> [Brief] Leave out the images and transcribe the entries below word for word.

> [Supplied material]
++++++++++
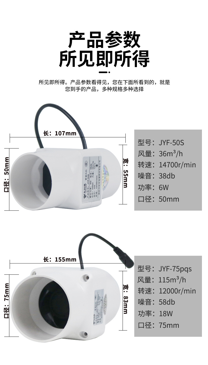 2inch/50口径-6ワット(12v電源) 風量36,2inch/50 口径 - 6 ワット (シングルスピード) 風量 36,2inch/50口径-6ワット(速度調整)風量36,2inch/50 口径 - 12 ワット (12V 電源) 風量,2inch / 50口径 - 18ワット(シングルスピード)風量54,2inch・50口径-18ワット(速度調整)風量54,2.5inch/60口径-14ワット(12v電源) 風量90,2.5inch/60 口径 - 14 ワット (シングルスピード) 風量 90,2.5inch/60口径-14ワット(速度調整) 風量90,3inch/75口径-6ワット(12v電源) 風量80,3inch/75 口径 - 6 ワット (シングルスピード) 風量 80,3inch/75口径-6ワット(速度調整) 風量80,3inch / 75口径 - 14ワット(12V電源)風量115,3inch / 75口径 - 14ワット(シングルスピード)風量115,3inch/75口径-18ワット(速度調整) 風量115,3 インチ 75 口径 - 16 ワット (直接プラグイン) 風量 186,3inch / 75口径 - 30ワット(ダイレクトプラグイン)風量222,3inch / 75口径 - 36ワット(ダイレクトプラグイン) 風量222,4inch/110口径-13ワット(ダイレクトプラグイン/静音モデル)風量108,4inch/110口径-13ワット(ダイレクトプラグイン)風量186,4inch/110口径-18ワット(ダイレクトプラグイン) 風量218,6inch/160 口径-16 ワット (ダイレクトプラグイン) 風量 485,6inch / 160口径 - 35ワット(ダイレクトプラグイン)風量600,6inch/160口径-80ワット(ダイレクトプラグイン)風量700,8inch/200口径-110ワット(ダイレクトプラグイン)風量1292
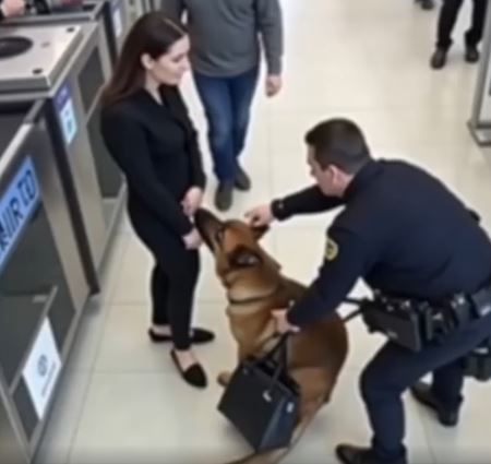 The drug sniffing dog at the Minneapolis & Las Vegas airports- caught on camera in Vegas
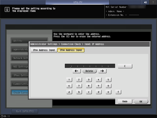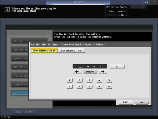 Cuando se pulsa [Deshacer], el valor numérico vuelve al valor previo a las correcciones (predeterminado: 0.0.0.0.).
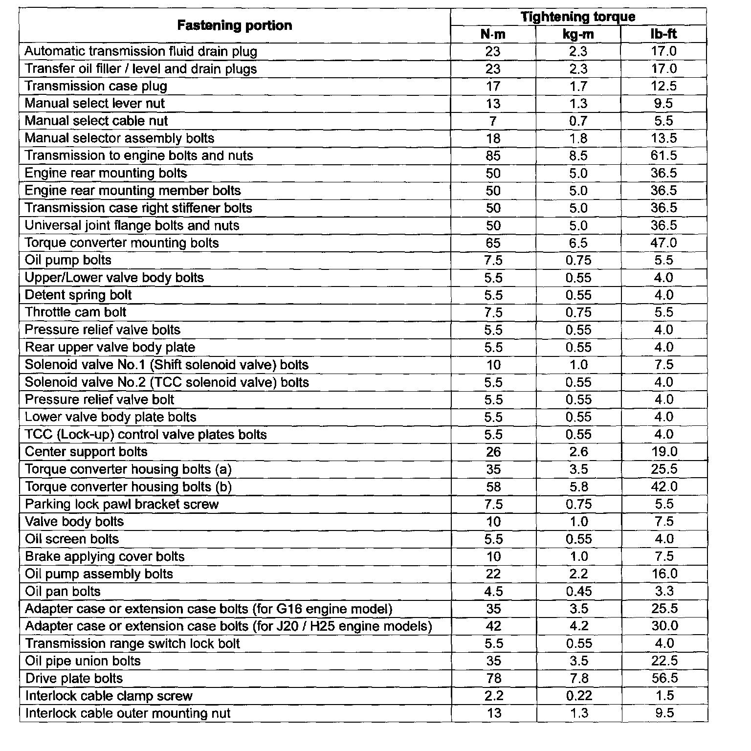 Tightening Torque Specifications
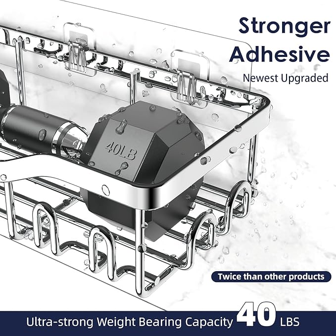 - Newest Upgraded Stronger Adhesive Bathroom Caddy: The transparent traceless adhesives give ultra-strong reliability with up to 40 lbs of bearing weight, which is tested by professional institutions. The bathroom shower organizer has twice the load-bearing capacity of the old version. NESOMI bathroom shelf can be installed without drilling. The storage shelves will never worry about falling issues after proper installation, and make your family space use to the extreme
++++++++++
> [Solution to the problem]
 2inch/50口径-6ワット(12v電源) 風量36,2inch/50 口径 - 6 ワット (シングルスピード) 風量 36,2inch/50口径-6ワット(速度調整)風量36,2inch/50 口径 - 12 ワット (12V 電源) 風量,2inch / 50口径 - 18ワット(シングルスピード)風量54,2inch・50口径-18ワット(速度調整)風量54,2.5inch/60口径-14ワット(12v電源) 風量90,2.5inch/60 口径 - 14 ワット (シングルスピード) 風量 90,2.5inch/60口径-14ワット(速度調整) 風量90,3inch/75口径-6ワット(12v電源) 風量80,3inch/75 口径 - 6 ワット (シングルスピード) 風量 80,3inch/75口径-6ワット(速度調整) 風量80,3inch / 75口径 - 14ワット(12V電源)風量115,3inch / 75口径 - 14ワット(シングルスピード)風量115,3inch/75口径-18ワット(速度調整) 風量115,3 インチ 75 口径 - 16 ワット (直接プラグイン) 風量 186,3inch / 75口径 - 30ワット(ダイレクトプラグイン)風量222,3inch / 75口径 - 36ワット(ダイレクトプラグイン) 風量222,4inch/110口径-13ワット(ダイレクトプラグイン/静音モデル)風量108,4inch/110口径-13ワット(ダイレクトプラグイン)風量186,4inch/110口径-18ワット(ダイレクトプラグイン) 風量218,6inch/160 口径-16 ワット (ダイレクトプラグイン) 風量 485,6inch / 160口径 - 35ワット(ダイレクトプラグイン)風量600,6inch/160口径-80ワット(ダイレクトプラグイン)風量700,8inch/200口径-110ワット(ダイレクトプラグイン)風量1292
 The drug sniffing dog at the Minneapolis & Las Vegas airports- caught on camera in Vegas
 Cuando se pulsa [Deshacer], el valor numérico vuelve al valor previo a las correcciones (predeterminado: 0.0.0.0.).
 Tightening Torque Specifications
 - Newest Upgraded Stronger Adhesive Bathroom Caddy: The transparent traceless adhesives give ultra-strong reliability with up to 40 lbs of bearing weight, which is tested by professional institutions. The bathroom shower organizer has twice the load-bearing capacity of the old version. NESOMI bathroom shelf can be installed without drilling. The storage shelves will never worry about falling issues after proper installation, and make your family space use to the extreme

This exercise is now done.